You just have to look at the evolution of knowledge to realize that the equitation of the correct aids does not give us any chance to express the full scale of our talent and remain sound. At the eighteenth century, Masters regarded the flying change as a difficult movements, they prepared their horses for the move using the balance of the airs above the ground and our ancestors had great difficulties performing the movement. At the end of the nineteenth century, François Baucher understood that the athletic demand of the flying change required a more horizontal balance and our ancestors were more comfortable executing the move. Baucher was in fact the first master performing the tempi changes. In nineteen ninety, Nancy Deuel completed a kinematics study on the flying change, observing that independently of the school of thoughts, the horses gaining the higher score for their flying change, prepared the performance increasing, during the stride preceding the change, the duration of their hind legs ground contact. “Preceding a lead change, the higher-scoring horses increased their contact duration of the hindlimbs and decreased the length of step and time between forelimb impacts to prepare to execute the lead change in the succeeding airborne phase.” (N. R. Deuel, PhD: J. Park, PhD, 1990)

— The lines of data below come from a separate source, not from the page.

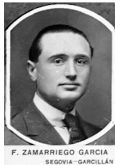
Figura 1. Foto de su orla de licenciatura. A la derecha, fragmento central de la orla, con algunos profesores.

El tema de su tesis doctoral fue: "Consideraciones acerca de meningitis en la infancia, especialmente sobre el trata-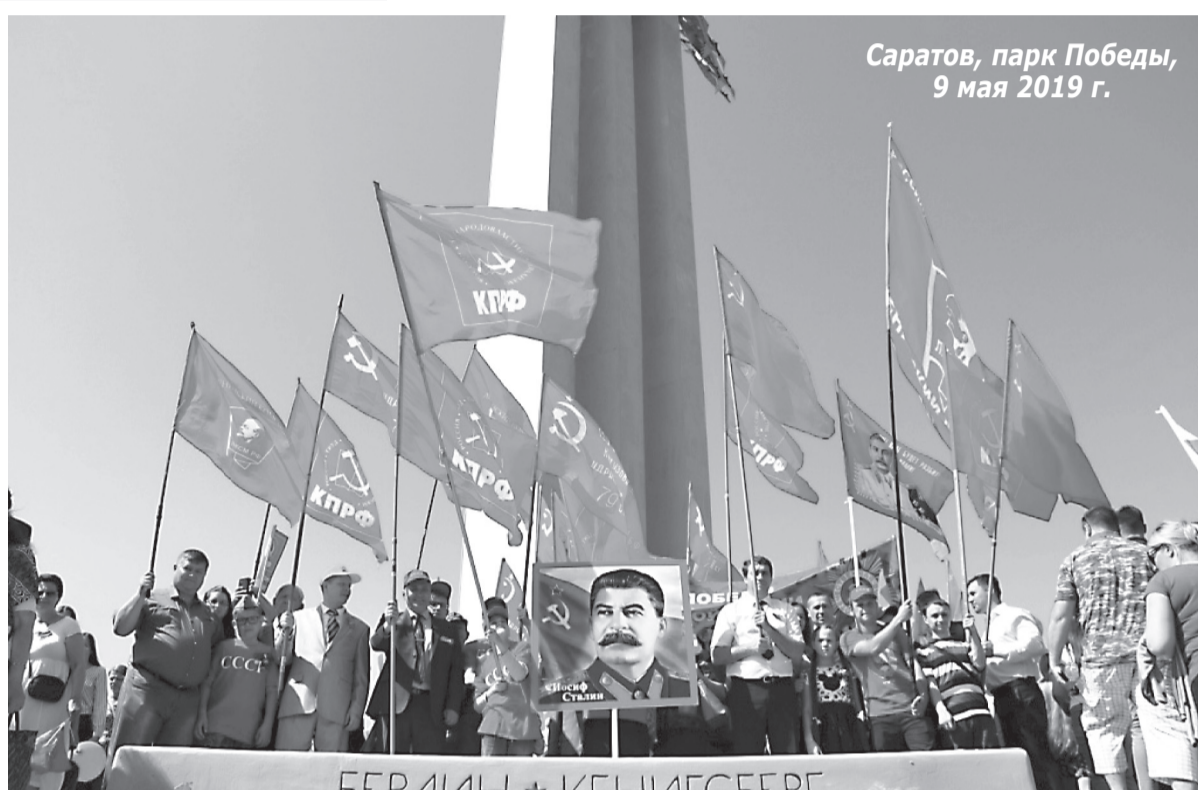
Саратов, парк Победы, 9 мая 2019 г.

— В нашей стране ежегодно накануне Дня Победы приходится видеть и слышать что-то «новое», отдающее фальшью о Великой Отечественной войне, распространяются вымыслы о нечестности советских солдат, граждан. Не исключено, что в преддверии 75-летия Великой Победы будут муссироваться по-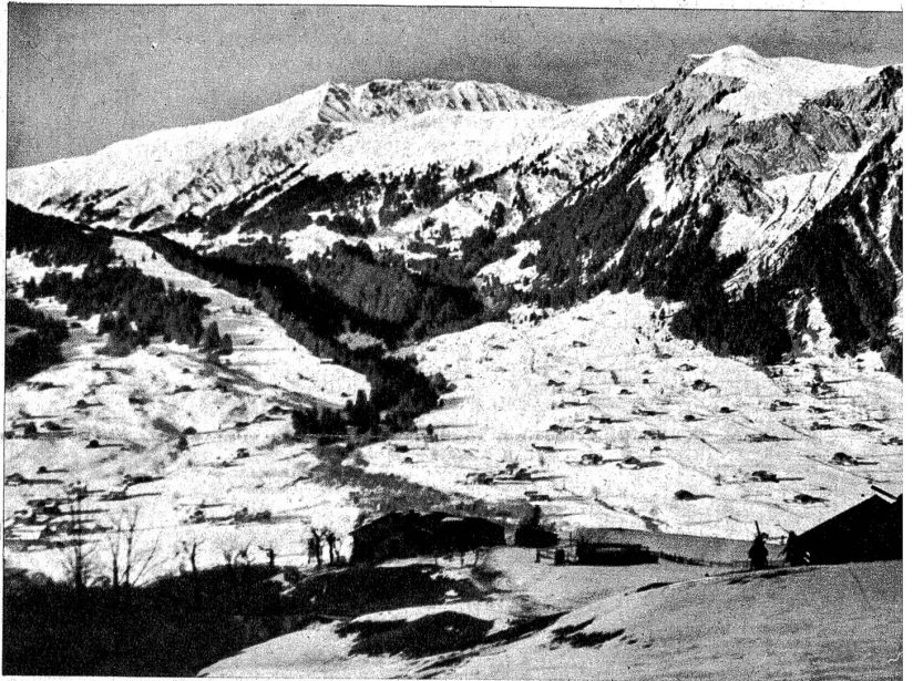
Winterlandschaft bei Lenk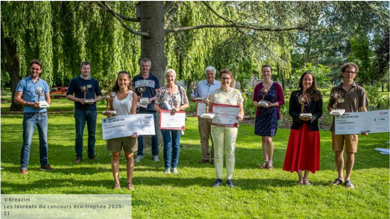
Les lauréats du concours éco-trophée 2020-21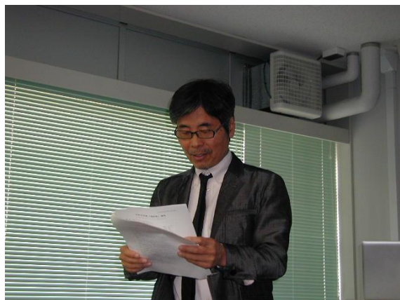
報告される和田H23年庶務幹事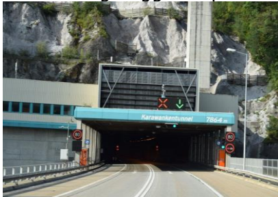
På vej gennem Karawankentunnel

Vi vågnede kl. 06.30, det var kun 9 °C udenfor, og da vi trak fra vinduerne kunne vi se, at der var fuldstændig dugget til på forruden. Vi kunne også mærke, at græsset var iskoldt, da vi gik på det.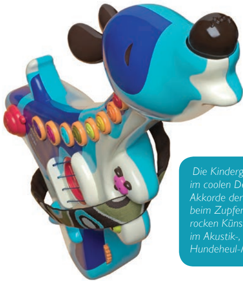
Die Kindergitarre „Woofen“ im coolen Design ermöglicht Akkorde der C-Dur-Tonleiter, beim Zupfen an den Seiten rocken Künstler ab 2 Jahren im Akustik-, Elektrik- oder Hundeheul-Modus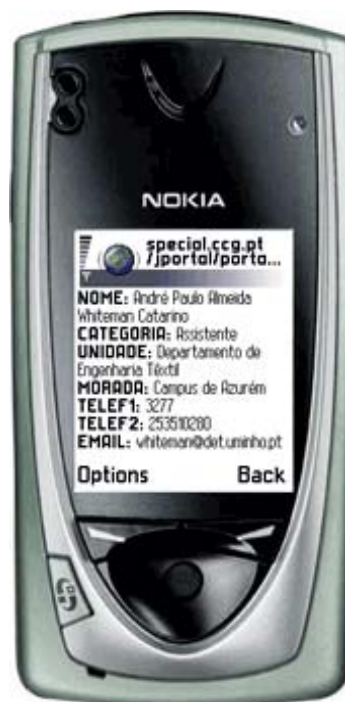
Figura 4 – Informação disponível sobre o contacto pesquisado

A segunda abordagem para este problema, bastante mais específica que a anterior, passa pelo pedido de contactos referentes ao local onde o utilizador se encontra, por exemplo um edifício, um departamento, um serviço técnico, entre outros.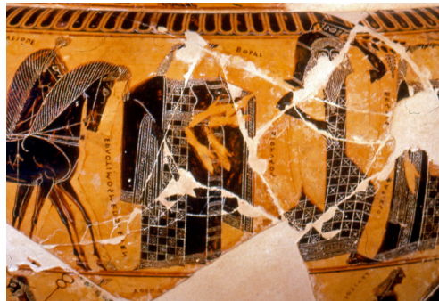
Cratere François (570 a.C.). Particolare del fregio con le nozze di Peleo e Teti: Dioniso porta il vino agli sposi.

La decorazione "a occhioni" ci introduce in un altro aspetto del simposio, scaramantico ma importante. Nel portare la kýlix alle labbra il simposiasta distoglie lo sguardo dagli altri convitati e per qualche momento è esposto agli eventuali attacchi di chi lo circonda: il gesto di bere, tuttavia, fa sì che gli occhi dipinti sul-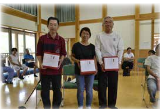
グラウンドゴルフ 第2位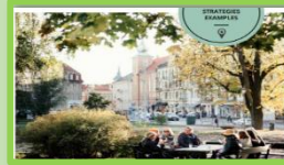
Network Of Public Spaces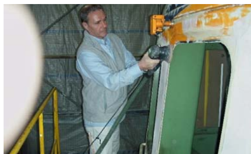
Fachmann am Werk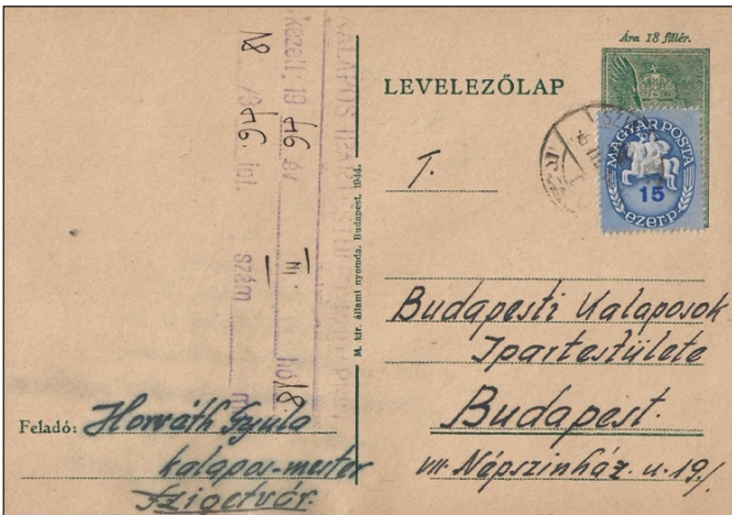
Figure 11 : tarif 15000 Pengő : timbre d'une valeur faciale de 15 ezer Pengő (1 ezer Pengő représente 1000 Pengő).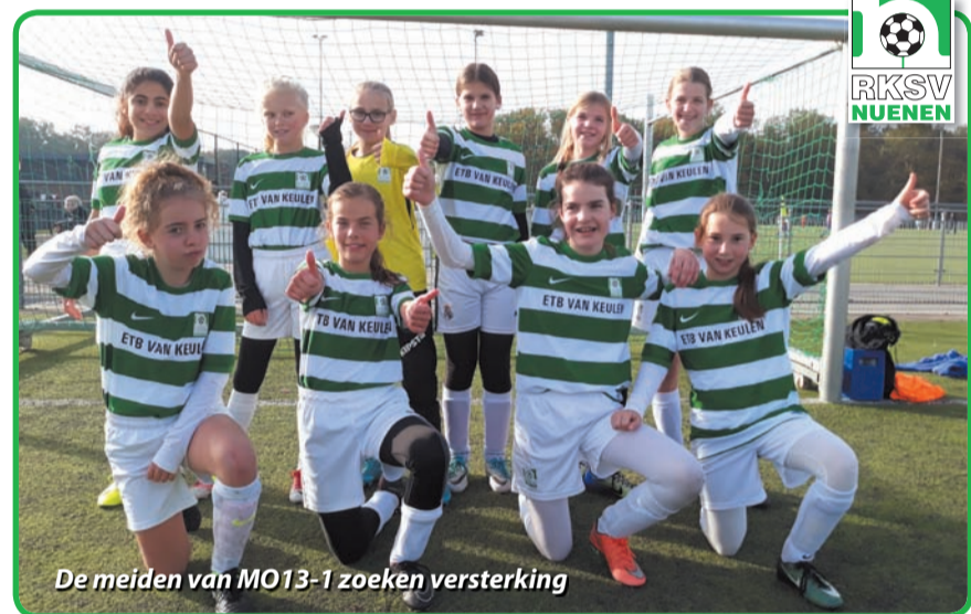
De meiden van MO13-1 zoeken versterking

Wij zijn 10 gezellige meiden in de leeftijd van 11 t/m 13 jaar. Samen voetballen wij met veel plezier. Wij trainen op maandag en woensdagavond van 18.45 / 20.00 uur, en spelen op de zaterdag onze wedstrijden, super leuk. Wil jij ons team versterken? Kom vrijblijvend een keer mee trainen (vooraf aanmelden is niet nodig) of bel met vragen 06-12530080. Overigens, RKSv Nuene heeft ook meidenteams in alle andere leeftijdscategorieën. Ook zij kunnen altijd versterking gebruiken.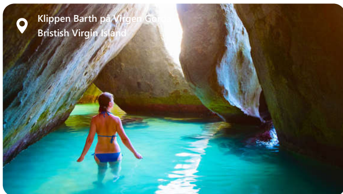
Klippen Barth på Virgin Gorda British Virgin Island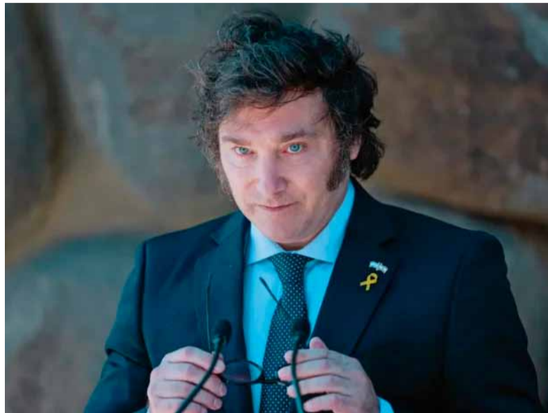
Críticas. De Javier Milei, luego de conocerse la denuncia por violencia contra Alberto Fernández

Ante esos hechos, en las redes sociales se produjo un aluvión de mensajes de repudio al Expresidente, que se extendieron también al progresismo en general (referentes del mundo de la cultura, la ciencia, la política, la educación fueron cuestionados) y al kirchnerismo en particular. La mayor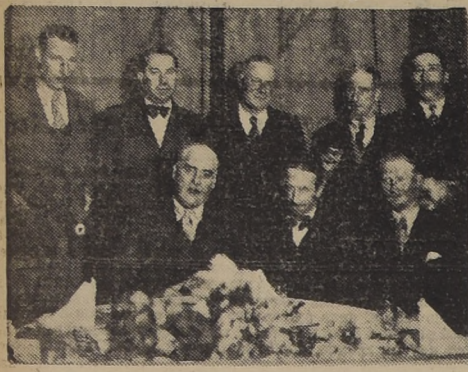
Un grupo de sus relaciones ofreció en los salones del Tong-Fang...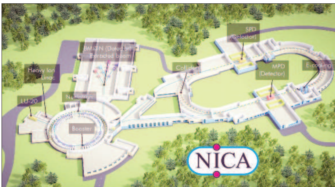
Схема на ускорителния комплекс на мегапроекта NICA

"В основата на проекта NICA са идеите на теоретиките от Дубна, а именно, че в определен диапазон на плътности и температури и с определени лъчи на сблъсквания се тежки ядра, трябва да се търсят ефектите от фазовите преходи в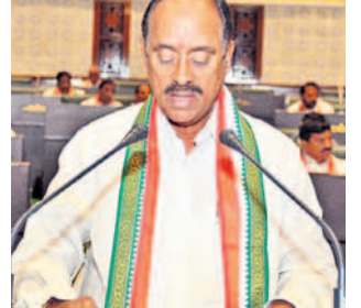
రేవంకెరెడ్డి పరకాల ఎమ్మెల్యే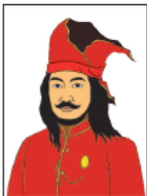
1654 – 1660 Masehi

Nancy recorded the horses along the dressage ring of the Seoul Olympics, Within the same period of time, studies demonstrated that the support phase of the hind as well as front legs was divided in two consecutive phases, The decelerating phase and the pushing phase. During the decelerating phase, from impact to almost half of the stride, the alighting hind leg resists gravity and inertia while storing elastic strain energy stored in the tendons, muscles and aponeurosis. This energy is then reused during the following propulsive phase. In order to improve their balance for the flying change, gifted horses increase, during the stride preceding the flying change, the decelerating activity of both hind legs. His approach to the flying change is not making us repeating the flying change, but instead educating and coordinating our body for the athletic demand of the move. He teaches us to increase the duration of our hind legs decelerating phase. It is a process that commences with sophisticated education of our back muscles. We all are amazed of how easy is the execution of the flying change when he feels that we are athletically coordinated for the performance and he ask us to perform the move. Caesar told us that his previous rider spent hours of lessons working on the timing of the proper aids, but as he was crooked in his thoracolumbar column, Caesar never figured how the execute the move. Caesar added, “they lose time and money focusing on the timing of the proper aids but never considered the dysfunction of my thoracolumbar spine.” Caesar plays with the flying change regularly in turn out because he corrected Caesar back muscles imbalance. One morning, Caesar executed two flying changes in my direction, halted to see if I was impressed and said, “I am glad that, in spite of the resistance, he persisted.”